Main idea of this algorithm is when site i wants to execute CS, it sends a request message to every other site. If site i does not receive the token within a timeout, it sends “Tokenlost?” message to every other site. Then it waits of another timeout period to receive reply for this message from other sites. From the information collected from the replies, it finds out the site j which executed CS most recently and requests it to generate a new token. When site j receives this request to generate a new token, it generates a new token if necessary and sends it to the site k to which it had sent the original token most recently. If site i does not receive the token within another timeout period (this may be repeated failure of sites and/or loss of messages), then it sends “Tokenlost?” massage to every other site again and initiates the process of the generation of new token all over again. The determination of the site which executed the CS most recently is done by keeping a count of the total number of times the CS has been executed by all the sites and passing that information along with the token and also records the site id to which it had most recently sent the token.

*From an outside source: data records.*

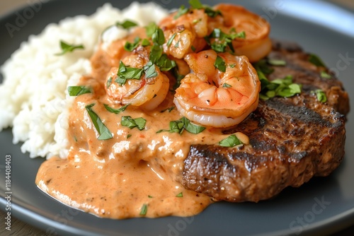 Grilled steak and shrimp with creamy paprika sauce and rice on a gray plate, a delicious and protein-rich surf and turf meal.
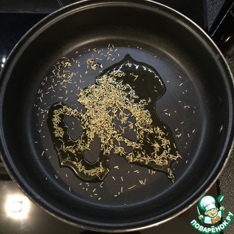 Данный рецепт рассчитан на сковороду в 28 см. Это ВАЖНО! Если у Вас форма меньше или больше-ориентируйтесь на это! Разогреваем сковороду и кладем туда розмарин, на среднем огне обжариваем минутку, чтобы он отдал маслу весь аромат!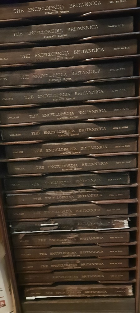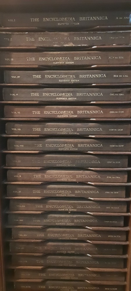 full set of this landmark edition of the encyclopedia Britannica.. in overall remarkable condition for a delicate set that is over 110 years old.. many volumes appear to have never been opened .. this set does NOT include the bookcase in which it is housed.. we are keeping it for another set which we are wishing to retain. This set is bound in soft suede, which is particularly susceptible to damage.. there are a few of the spines which you can see from the images that have suffered some damage.. These set in this condition are becoming increasingly hard to find.. and it is in our opinion a cornerstone of a classical library, This was printed at the end ot the age of Enlightenment with leading contributors from all walks of life. The last edition before the encyclopedia changed forever. PLEASE NOTE THIS ITEM SHIPS FROM CANADA SHIPPING TO BE DETERMINED AT TIME OF SALE.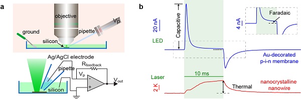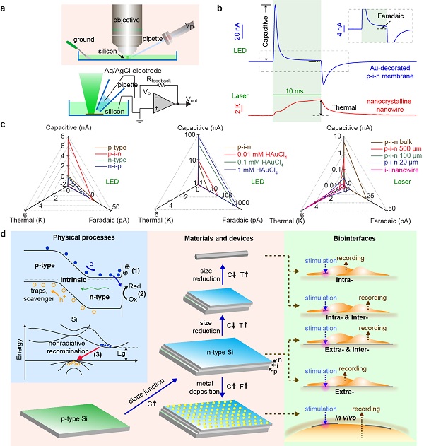 针对每一种光响应,作者们都优化出了最佳的材料条件,包括光热效应最强的同轴硅纳米线,仅有光致电容电流的二极管硅膜,和光致电容电流和法拉第电流都最高的金修饰二极管硅膜。针对每一种硅材料,作者都设计了匹配的生物体系来实现光控响应。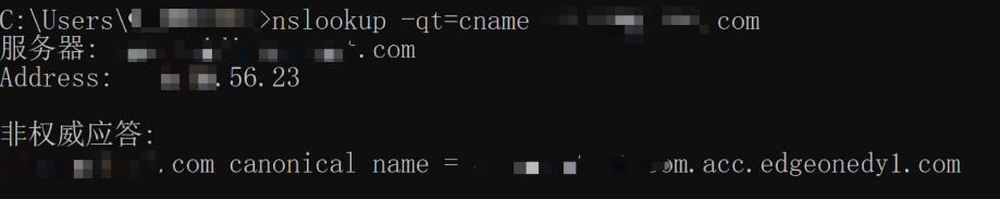 在 Windows 系统中,打开 cmd 运行程序,以域名 www.example.com为例,您可以在 cmd 运行:nslookup -qt=cname www.example.com,根据运行的解析结果内,可以查看该域名的 CNAME 信息。若 CNAME 结果为 EdgeOne 内分配的 CNAME 地址,即已切换至 EdgeOne 加速。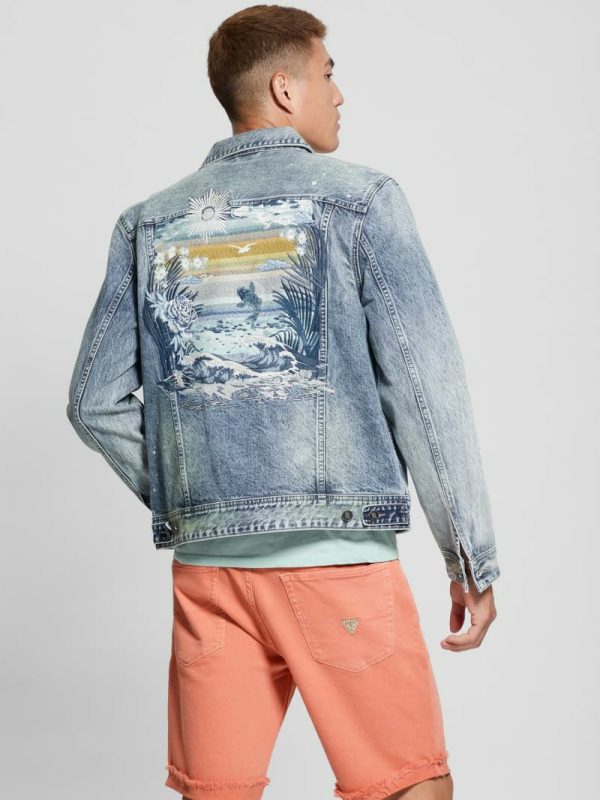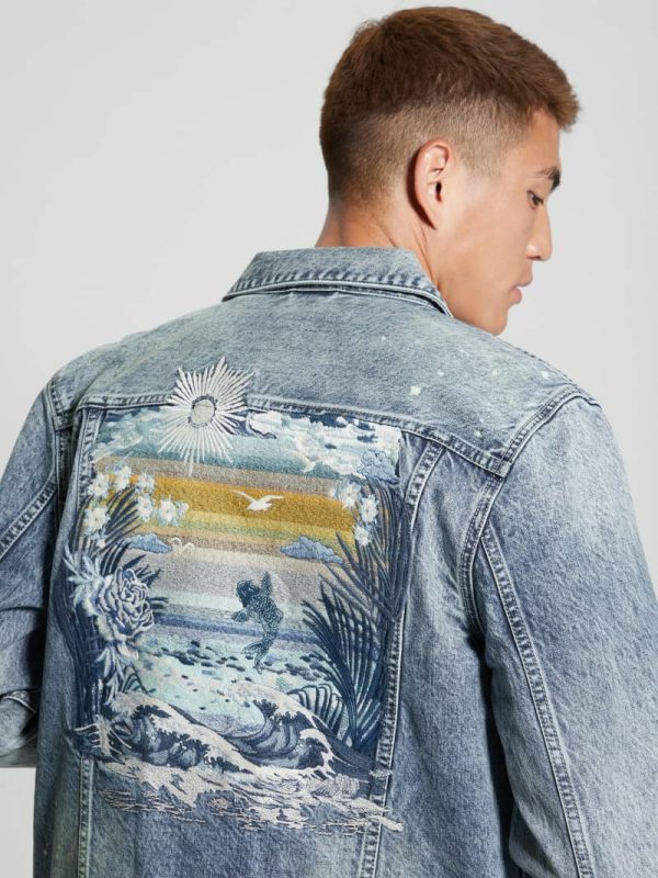 Men Eco Dillon Embroidered Denim Jacket Avalon | GUESS Jeans & Denim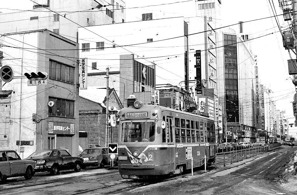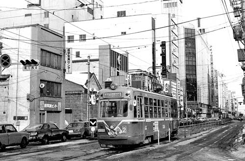 | 札幌の市電を撮影したのは後にも先にもこの時だけとなっています。路線は既に現在と同じ規模に縮小され、特徴的な連接車の姿も見られなくなっていました。2月の3連休、雪景色を求めて渡道しましたがこの年は暖冬で札幌市内の雪も溶けかけの最悪の状況でした。この日は天候も曇り空から時折雪が降ってくるような状況で、写真の出来映えは最悪です。 |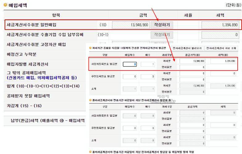 매출은 없으니까 매입세액만 입력하면 됩니다. 작성하기를 누르고 오피스텔 건물분 가격을 작성해주면 됩니다. 토지분이 아닌 건물분 매입 가격을 입력해 주면 됩니다.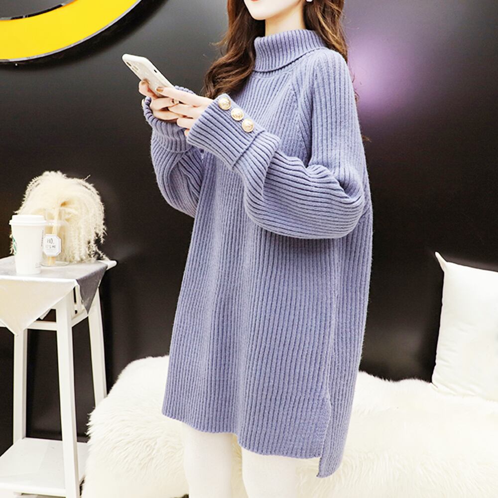 ニットトップス レディース ハイネック あったか セーター 冬 スリット入り 無地 女子会 長袖 ボタン飾り

Suppose in this algorithm, when a site i detects the loss of the token, it sends “token_lost?” message to every other site and collects reply from them. From the reply messages site i comes to know that site j had executed CS most recently. Then site i informs site j to generate a new token. When site j receives this request, it generates a new token and sends it to the site k to which it had sent the original token most recently. Finally site k sends the new token to site i. In this algorithm if site k fails again the token generation process is repeated after a predefined timeout period. But the major drawback of this algorithm if site k fails, site i will not get the token until site k is repaired.
Figure describes the problem of this algorithm. Here where site k failed, after executing the CS and site i is interested for execute CS. After a timeout period site i will send “token-lost?” message to all other sites and corresponding to this request all other non-failure sites will send local token-copy information. Using this information site i knows that site j had executed CS most recently. Finally site i inform site j to generate a token. When site j receives this request, it generates a new token and sends it to site k which it had ent the original token most recently, but site k is failed. So, token generation process is not completed until site k comes up.

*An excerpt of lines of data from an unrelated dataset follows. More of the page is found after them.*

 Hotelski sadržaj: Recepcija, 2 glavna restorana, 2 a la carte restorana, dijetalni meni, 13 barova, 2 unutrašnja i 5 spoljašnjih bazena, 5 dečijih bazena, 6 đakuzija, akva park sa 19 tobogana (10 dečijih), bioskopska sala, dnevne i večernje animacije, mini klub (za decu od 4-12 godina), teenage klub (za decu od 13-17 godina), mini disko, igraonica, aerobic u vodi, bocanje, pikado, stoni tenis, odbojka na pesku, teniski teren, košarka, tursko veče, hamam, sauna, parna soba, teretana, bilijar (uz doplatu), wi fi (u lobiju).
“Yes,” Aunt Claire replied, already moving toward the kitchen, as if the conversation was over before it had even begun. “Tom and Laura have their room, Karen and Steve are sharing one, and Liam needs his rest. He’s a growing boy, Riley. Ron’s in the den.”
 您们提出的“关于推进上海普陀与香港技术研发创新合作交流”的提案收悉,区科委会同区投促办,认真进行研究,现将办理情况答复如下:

In their algorithm an underlying dynamic logical structure is used on the communication network. Requesting processes are logically arranged, by their requests, as a rooted tree. As a request from node i travels along the path from node i to the root node, node i becomes the new parent of each node on the path, except for itself. Thus, node i becomes the new root node of the tree. Neither the nodes nor the token needs to maintain a queue of pending requests. This queue is implicitly maintained by the state of each node in the system. Each node keeps two integer variables, LAST and NEXT. The former indicates the last node from which a request was received and the neighbor node in the path to the root to which this node will send a request message the next time it wants to enter its critical section. NEXT indicates the node to which the token will be granted after this node leaves its critical section.
When a node i want to enter its critical section (CS) and LASTi<> i (node i is not holding the token), it sends a request to node LASTi, it sets LASTi: =i, and waits for the token to arrive. If it has the token or the token arrives, it enters its CS directly.

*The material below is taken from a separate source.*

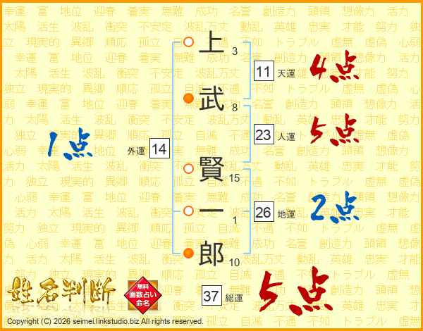 上武賢一郎さんの総運は37画の5点!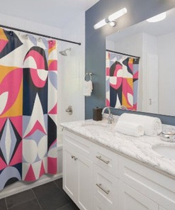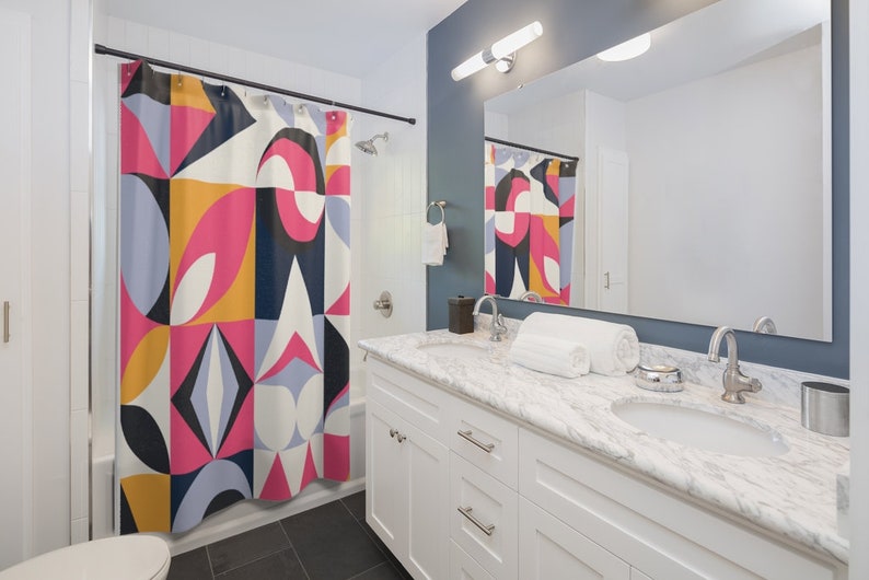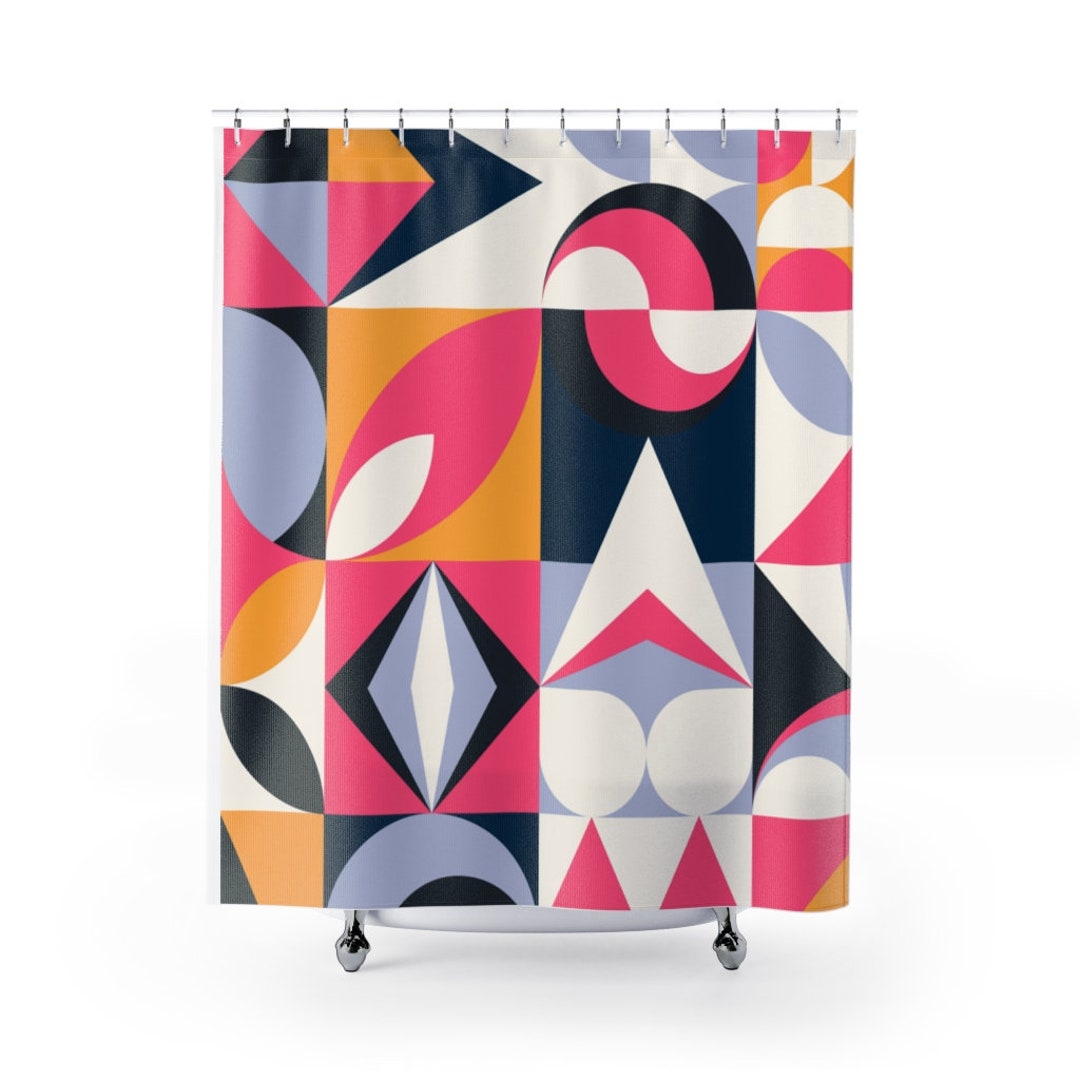 Retro Shower Curtain, Mid Century Modern Funky Fun Pink, Blue, Mustard Yellow, Ice Gray, And White Retro Shower Curtain

When the request from node i arrives at a non-privileged node j in the path to the token holder node (the privileged node), node j forwards the request from i to node LASTj. Node j sets LASTj: =i. When the request from node i arrives at the privileged node, say node k, and k is the root node of the tree (LASTk:=k) and it is in its critical section, then node k sets NEXTk:=i and LASTk:=i. If k is the root node and is holding an idle token, then it sends the token to node i and sets LASTk:=i. In the case that node k is not the root node, it forwards the request from node i to node LASTk . The latter happens when node k received a request from another node prior to the request from node i and thus it became part of the path form node i to the root node. When a privileged node k holding the token leaves the critical section, it sends the token to node NEXTk and sets NEXTk:=0. If there were no pending requests (NEXTk:=0), the node keeps the idle token.
When a node i send a request message, it enters a waiting state. If it does not receive the token within Twait, there is a presumption of failure. If a failure has occurred, node i consults if any node k has record of its request and NEXTk =i. After Telec has timeout, it queries the other nodes to detect if the token is present in the system. When this Telec expires, node i becomes a candidate to regenerate the token, broadcasts an election message and activates another Telec. When several other are candidates in the same Telec interval, the one with the smallest node number will be elected. All other nodes in the system become observers and wait for a "candidate elected" message from the elected node to resume operations. The elected node possesses the new token and becomes the root of the reorganized tree. All nodes set their LAST to be the elected node number and NEXT is set to 0. The average number of messages exchanged for an entry to the critical section is in the order of log N. A node holding an idle token does not need to send a request to enter its critical section again.
During the interval delays at the consulting and query phases, the token or an answer from another node may arrive, and the inquiring node goes back to the waiting state. Queries for the presence of the token in the system are recorded by the nodes for the case in which the token is traveling. The algorithm assumes that when a node fails, it continues to fail during the election process. It does not consider what happens when a failed node recovers and is incorporated to the system. This node may be holding an old token. Failures in the communications network are not considered in the algorithm.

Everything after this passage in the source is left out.